The beginning of a Texas Observer story of 10/24/03, “Shooting the Messenger” by Katherine Harrington:

Peaceful Seguin, Texas, with its stately courthouse graced in front by a statue of the “World’s Largest Pecan,” seems an unlikely setting for a drug war skirmish. And Bill O’Connell does not easily fit the bill of a drug war victim. But he is. O’Connell is not a drug dealer or an addict. He is a journalist. Until recently, O’Connell worked at the Seguin Gazette-Enterprise, where his tough-minded reporting exposed problems with the local regional narcotics task force. After a series of articles sparked the ire of the Guadalupe County sheriff’s office, O’Connell found himself the target of a campaign that forced him from his job.

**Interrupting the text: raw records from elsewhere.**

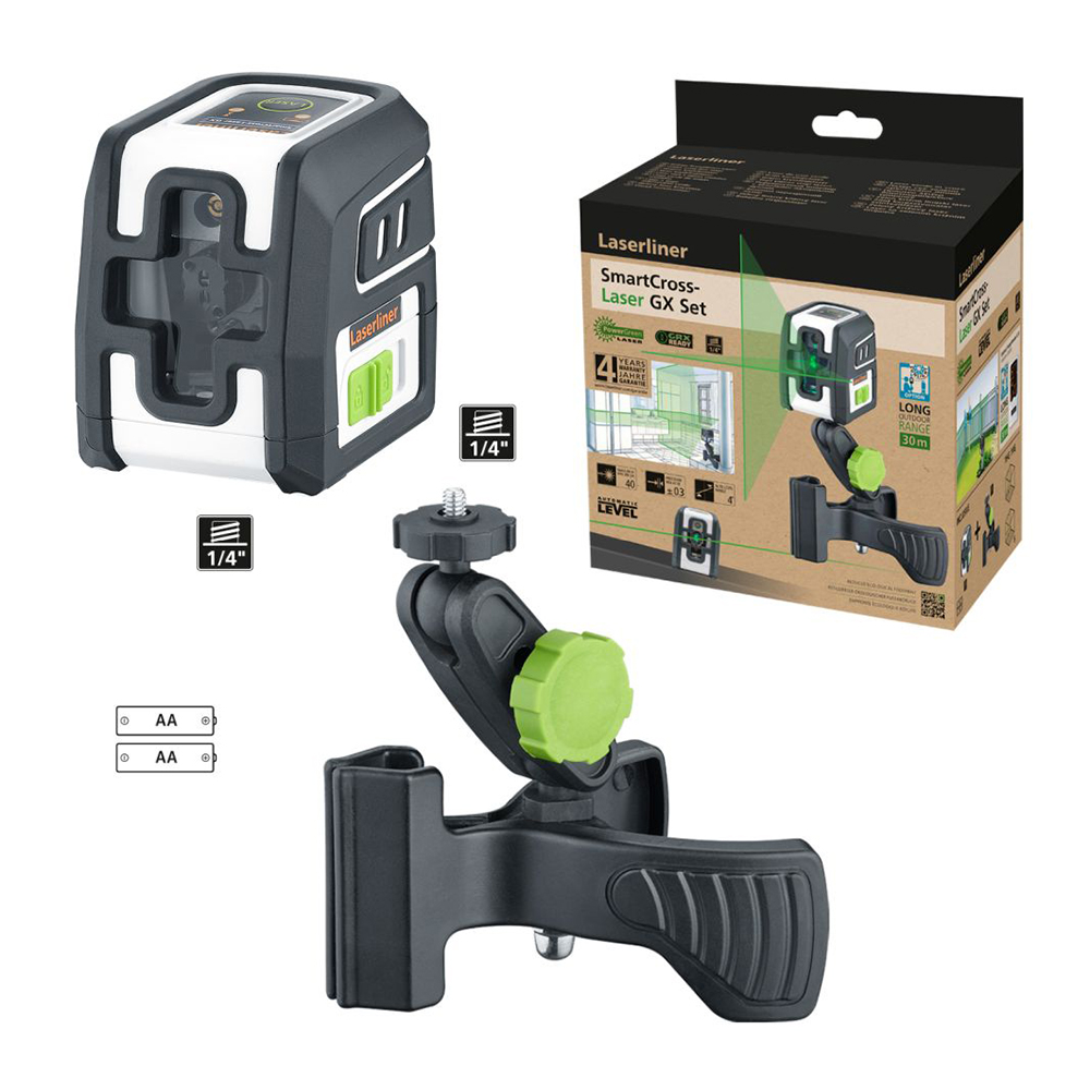 SmartCross-Laser GX je kompaktan zeleni križni laser koji projicira jasno vidljiv laserski križ za precizno horizontalno i vertikalno poravnavanje objekata. Opremljen je funkcijom ručnog nagiba za jednostavno postavljanje kosina, kao i 1/4” navojem za montažu na stativ ili isporučeni svestrani držač FlexClamp, koji omogućuje brzo i sigurno pričvršćivanje bez oštećivanja površina. Zahvaljujući integriranom načinu rada s prijemnikom, uređaj se može koristiti i na otvorenom ili na većim udaljenostima. Automatsko samoniveliranje štedi vrijeme, a vizualni signali upozoravaju kada uređaj nije u nivou. Kućište je izrađeno od velikog udjela reciklirane plastike, čime se doprinosi održivosti i zaštiti okoliša.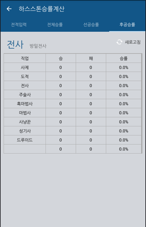 사용자가 간단한 데이터를 입력 후 승률계산을 해줍니다.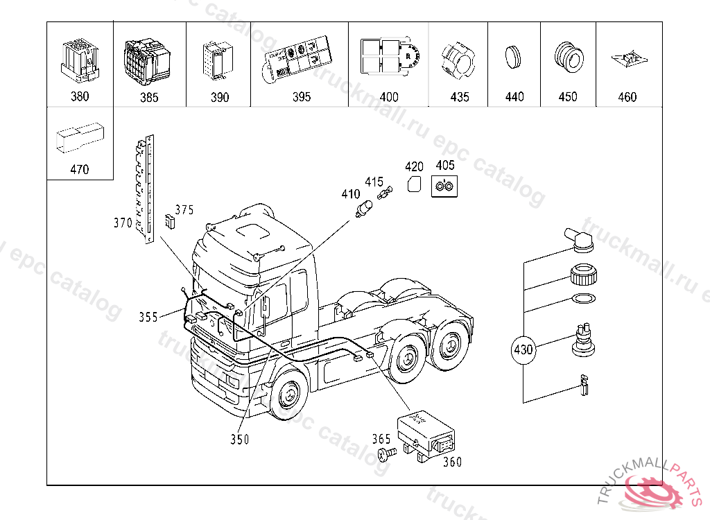 CABLE HARNESS FROM CHASSIS/CAB PLUG-CONNECTION TO CENTRAL LUBRICATION PUMP, THIS CABLE HARNESS IS A COMPONENT OF FRAME MOUNTED VERSION CABLE HARNESS AND CAN BE MADE AVAILABLE AS A SPARE ATTENTION: WHEN PLACING ORDERS, PLEASE QUOTE VEHICLE IDENT NO. ONLY IF FRAME MOUNTED VERSION CABLE HARNESS IS REQUIRED AS AN ASSEMBLY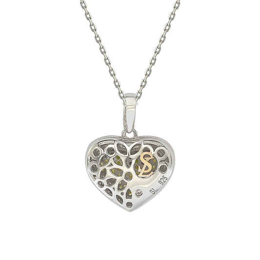 Suzy Levian Yellow Sapphire Sterling Silver Pave Heart Pendant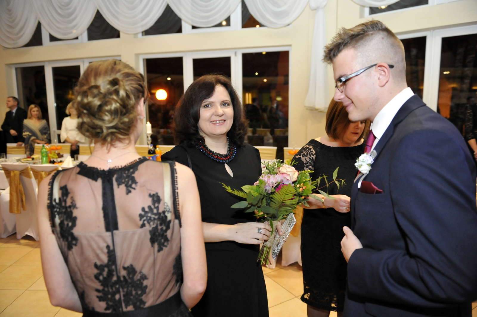 Impreza rozpoczęła się tradycyjnie uroczystym polonezem, po którym powitano zaproszonych gości. Była to także okazja, aby maturzyści podziękowali dyrekcji i nauczycielom za kilka lat współpracy. Następnie wszyscy zasiedli do stołu. Członkowie szkolnego teatru Bene Nati zaprezentowali walca, a następnie wszyscy ruszyli na parkiet.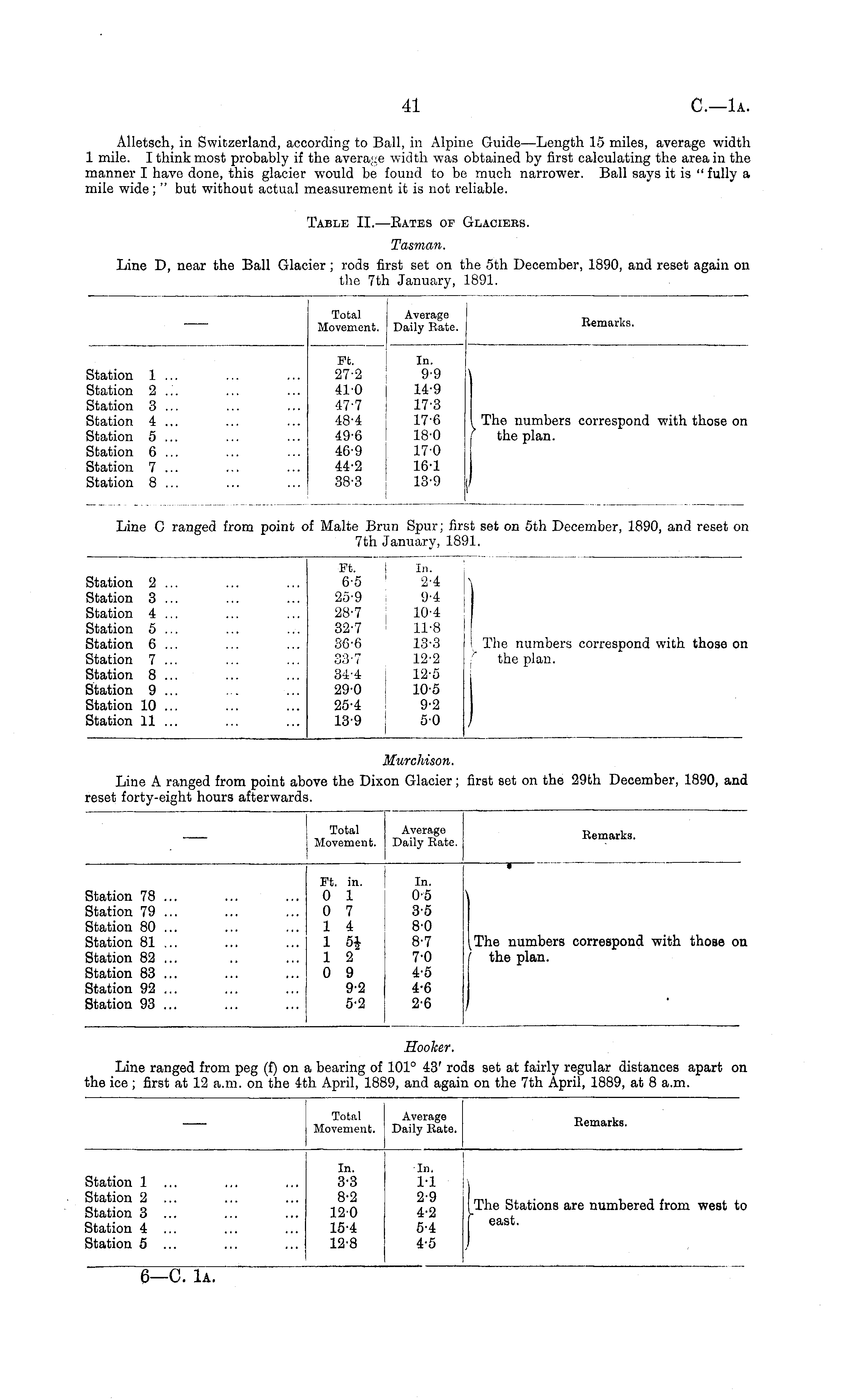Table II.—Rates of Glaciers. Tasman. Line D, near the Ball Glacier; rods first set on the 5th December, 1890, and reset again on the 7th January, 1891.

O’Connell came to the Seguin Gazette-Enterprise with over 10 years of journalism experience. His entry into the profession came by way of the Navy. After graduating from high school in Pennsylvania, he joined the service, where he worked in radio and as a videographer for TV news on various bases. He left the military to pursue a career in investigative journalism and started out working in small-town newspapers. In 1997, he moved to Texas and came to the Gazette-Enterprise in 2000.

O’Connell’s voice rings with enthusiasm as he describes his work as a reporter at the Gazette-Enterprise. He loved his job, even the routine stories about court cases and high school football victories. Yet the dangers that can await a small-town reporter who aggressively seeks the truth were never far away. “The thing is, Guadalupe County is a rural community and in a lot of aspects you’re talking about a community that is run by old money,” says O’Connell. “There are interests who do not want the community to be perceived in a negative way. So if I write a story and point to a problem, many times their reaction is to shoot the messenger rather than address the problem.”

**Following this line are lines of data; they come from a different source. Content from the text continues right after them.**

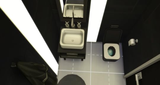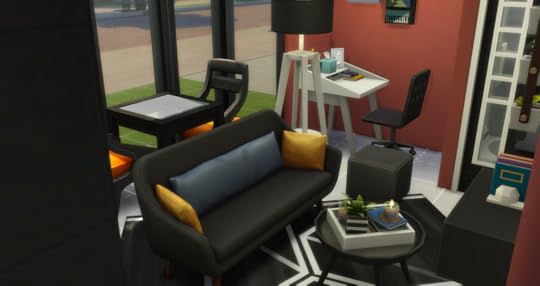 The downstairs exists of a living room / dining area, with a small space for a desk, and a large (well, for the size of this house), L-shaped kitchen. The back wall of the kitchen is covered in glass, which makes it look more spacious. A double door leads from the kitchen to the terrace. The bathroom is also downstairs, and looks sleek and modern like the rest of the house. The color used throughout is black, but with some flashy other colors mixed in: orange/red for the downstairs and green/yellow for the upstairs floor.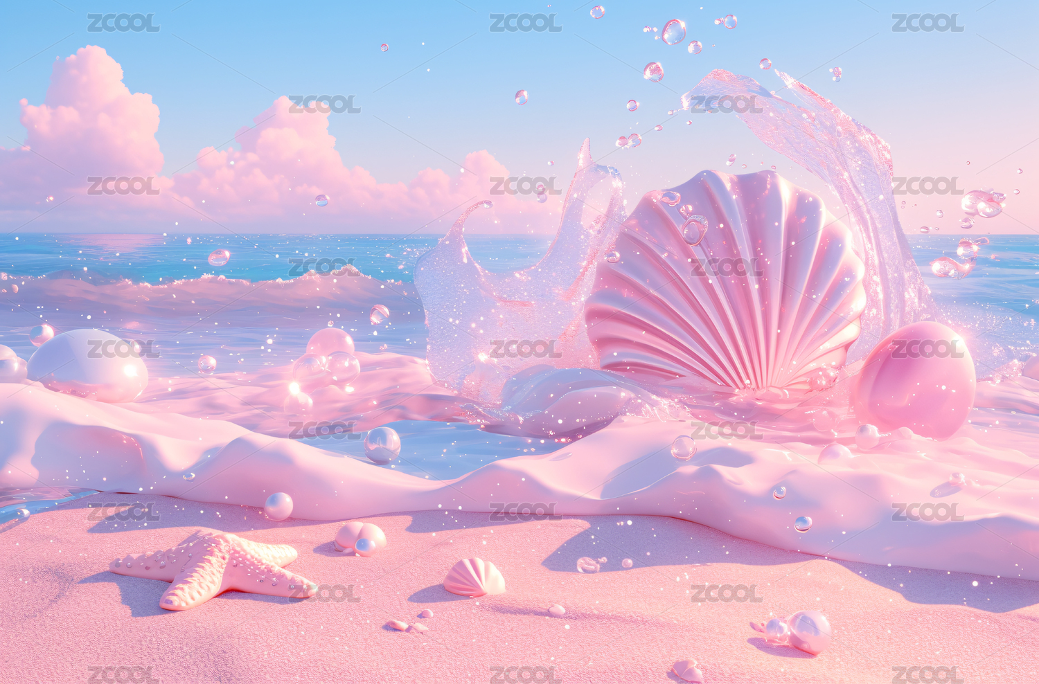 海洋,大海,珍珠,贝壳,珊瑚,背景,护肤品,美妆,清新,自然
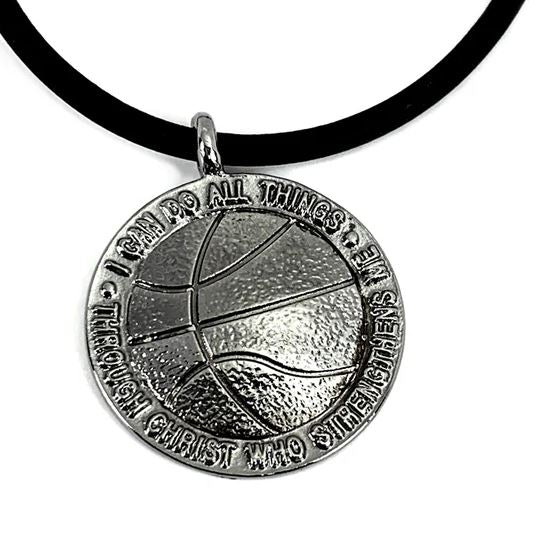 Basketball Necklace Gunmetal Color Finish is made from a special lead free pewter with Gunmetal Color Finish that is made right here in the USAThis round basketball pendant with gold finish pendant is embossed text that reads "I can do all things through Christ who strengthens us". The necklace comes on 22 inch black rubber with two inch extender that can expand the necklace to 24.

In July 2003, O’Connell wrote an article about an inmate awaiting trial for murder who allegedly had sexual contact with a jailer in Seguin. That was followed by a story about a lawsuit filed against a sheriff’s deputy. Soon after the Gazette-Enterprise published these stories, Guadalupe County Sheriff Arnold Zwicke showed up at the Gazette-Enterprise offices and asked that O’Connell be restricted from covering the sheriff’s department. “I had some problems with the way he wrote his articles, that they were not accurate, and I asked prior to his departure that someone else cover the sheriff’s department,” recalls Zwicke.

O’Connell’s editors did not reassign him, however. He went on covering the sheriff’s department. And within a month, the conscientious reporter had unearthed troubling activities by the Seguin-based narcotics task force.

Then the story gets complicated, but O’Connell eventually felt obliged to resign from the paper.